I have issues to get all capture groups from a regular expression and I believe I am doing it wrong, but I quite don’t know what the correct approach would be.

Given regular expression: ^(([A-Za-z0-9]+)(?::((?:[a-z]{2})|\*))?\s*(=)\s*)?("?)([^"\s]+)\5$
Given value to match: property:xy = "value"

In Java I would do something like that:

import java.util.regex.Pattern;

class Scratch {
    public static void main(String[] args) {
        var regex = "^(([A-Za-z0-9]+)(?::((?:[a-z]{2})|\\*))?\\s*(=)\\s*)?(\"?)([^\"\\s]+)\\5$";
        var string = "property:xy = \"value\"";

        var matcher = Pattern.compile(regex).matcher(string);

        if (matcher.matches()) {
            System.out.println(">>> Count: " + matcher.groupCount());
            System.out.println(matcher.group(2));
            System.out.println(matcher.group(3));
            System.out.println(matcher.group(4));
            System.out.println(matcher.group(6));
        }
    }
}

Now, over here in Scala I tried that:

val regex = "^(([A-Za-z0-9]+)(?::((?:[a-z]{2})|\\*))?\\s*(=)\\s*)?(\"?)([^\"\\s]+)\\5$".r
val string = "property:xy = \"value\""
val result = regex.findAllIn(query)

The size of the result is 1, but I would expect 6.

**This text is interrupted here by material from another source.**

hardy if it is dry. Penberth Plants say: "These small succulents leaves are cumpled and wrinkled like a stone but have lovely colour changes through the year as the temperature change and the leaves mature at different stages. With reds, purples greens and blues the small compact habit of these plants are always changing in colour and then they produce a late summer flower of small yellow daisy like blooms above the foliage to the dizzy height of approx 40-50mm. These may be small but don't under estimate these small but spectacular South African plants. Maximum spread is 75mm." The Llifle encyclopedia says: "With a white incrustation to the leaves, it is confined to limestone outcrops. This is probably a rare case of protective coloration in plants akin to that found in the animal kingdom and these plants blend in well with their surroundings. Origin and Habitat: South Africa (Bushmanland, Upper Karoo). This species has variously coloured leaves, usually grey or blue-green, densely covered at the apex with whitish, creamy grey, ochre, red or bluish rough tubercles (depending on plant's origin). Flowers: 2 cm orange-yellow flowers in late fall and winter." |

How can I accomplish in Scala what I did in Java?

findAllIn(query) returns a MatchIterator, which is “a special scala.collection.Iterator that returns the matched strings but can also be queried for more data about the last match”. The size is the number of full matches, so 1 is the correct result. If you check for result.groupCount, you will get the 6 elements you expected (but note that, as it is an Iterator, calling a method like size will empty it).

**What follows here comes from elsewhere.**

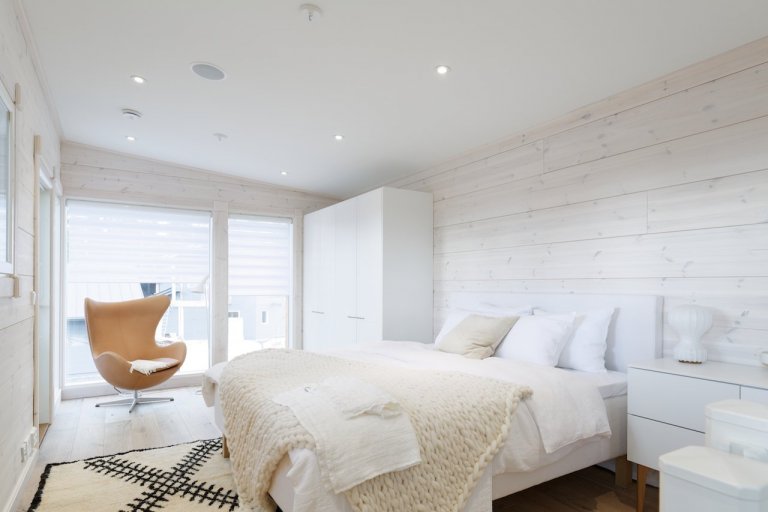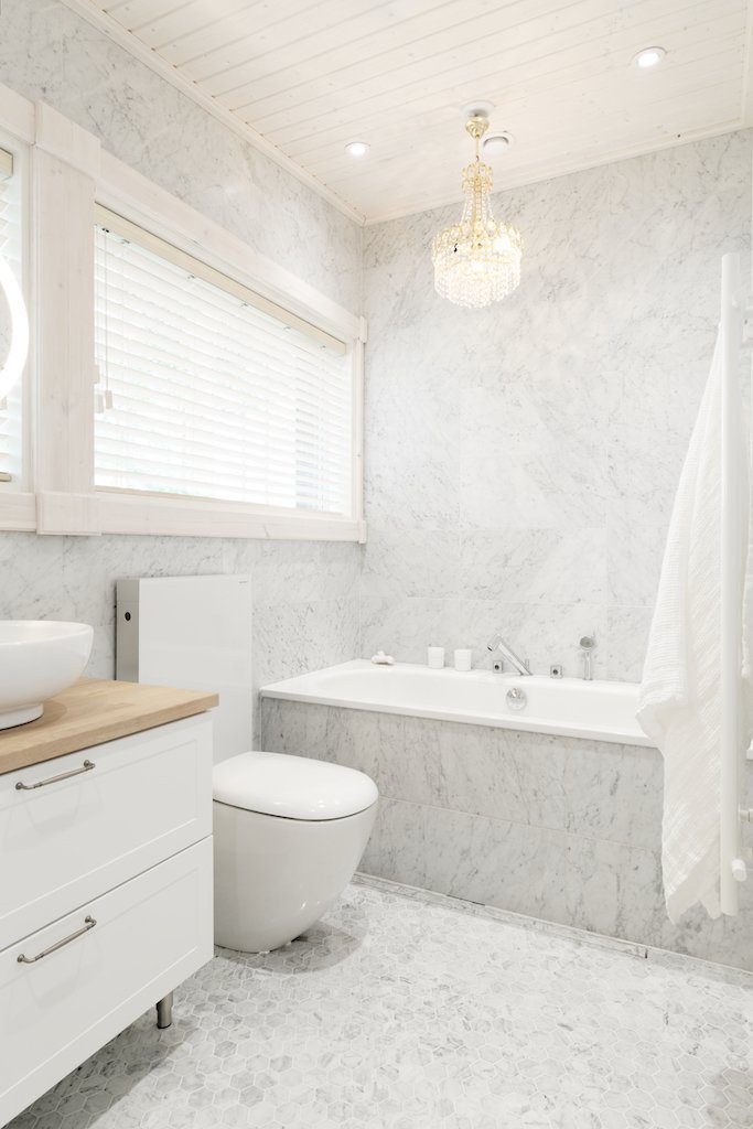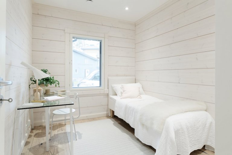 Vlastnící domu milují parkety, a tak téměř všechny podlahové plochy sestávají z parket, tedy kromě těch, ploch, které se dostávají do styku s vlhkostí. Parkety jsou rustikální, dubové a pocházejí z malé rodinné továrny v Mikkeli. V rodinném domě Toive převládají různé odstíny bílé. Bílá barva se báječně hodí do vzdušného patra, kam díky velkým oknům, proudí přirozené světlo ze tří stran. Koupelna je obložena nádhernými dlaždicemi z bílého mramoru od Tulikivi. Přírodní kámen je pod bosýma nohama hebounký a podtrhuje uklidňující atmosféru koupelny.

If your inputs should always contain only one match of the whole regex, you can instead use findFirstMatchIn, which returns a Match object, that can be queried for the groups like a Java Matcher. If you are looking for several matches, but still want the Match objects, there is findAllMatchIn.

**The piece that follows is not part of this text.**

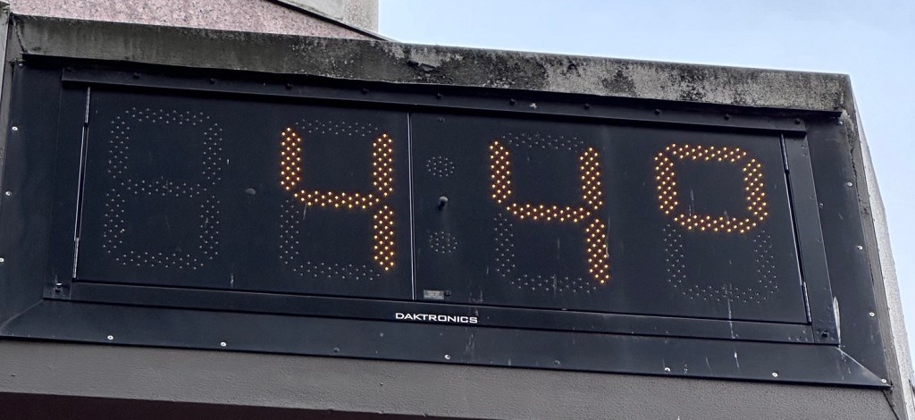 Every morning while walking to the light rail stop, this bank clock/temperature sign has said 44°. Regardless of how it feels or the weather that day, it has been steadfast.

Also note, that regexes in Scala can be used as extractor objects, i.e. you can use them in pattern matching:

string match {
    case regex(g1, g2, g3, g4, g5, g6) =>
      // g1 ... g6 contain the matched strings here, unmatched optional groups will be null
    case _ =>
      // regex didn't match
}

This is the way recommended by the scala.util.matching.Regex documentation.

2 Likes

Thank you, I will try that!